Given the following cost function
P1=210-5Q1
P2=125-1.25Q2
TC=4000+20Q where Q=Q1+Q2
With a clear solution compute Q and P
To find the values of Q and P, we need to equate the cost function (TC) with the sum of the individual cost functions for P1 and P2.
TC = P1(Q1) + P2(Q2)
4000 + 20Q = (210 - 5Q1)(Q1) + (125 - 1.25Q2)(Q2)

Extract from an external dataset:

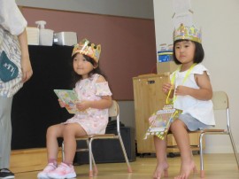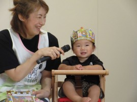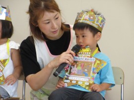 旭川おおぞら認定こども園 8月お誕生会 2024年8月23日(金) 今日は8月生まれのお友だちのお誕生会がありました🎂6人のお友だちの誕生月でした。保育者の出し物「ミラクルレンジ」では、ベルを「チーン」とお誕生日のお友だちが鳴らしてみると、色々な物が変身して、大盛り上がりでした!8月生まれのお友だち、お誕生日おめでとう! もどる

First, let's expand the individual cost functions:
4000 + 20Q = (210Q1 - 5Q1^2) + (125Q2 - 1.25Q2^2)
Simplifying further:
4000 + 20Q = 210Q1 - 5Q1^2 + 125Q2 - 1.25Q2^2
We also know that Q = Q1 + Q2, so we can substitute that into the equation:
4000 + 20(Q1 + Q2) = 210Q1 - 5Q1^2 + 125Q2 - 1.25Q2^2
Expanding further:
4000 + 20Q1 + 20Q2 = 210Q1 - 5Q1^2 + 125Q2 - 1.25Q2^2
Rearranging terms:
5Q1^2 + 1.25Q2^2 + 20Q1 - 125Q2 + 20Q2 - 210Q1 + 4000 - 4000 = 0
Simplifying:
5Q1^2 - 125Q2^2 + 20Q1 - 105Q2 = 0
This equation represents a system of two nonlinear equations. To find the values of Q1 and Q2, we can solve this system using numerical methods or software.
Once we find the values of Q1 and Q2, we can substitute them back into the cost function equations for P1 and P2 to find their respective prices (P).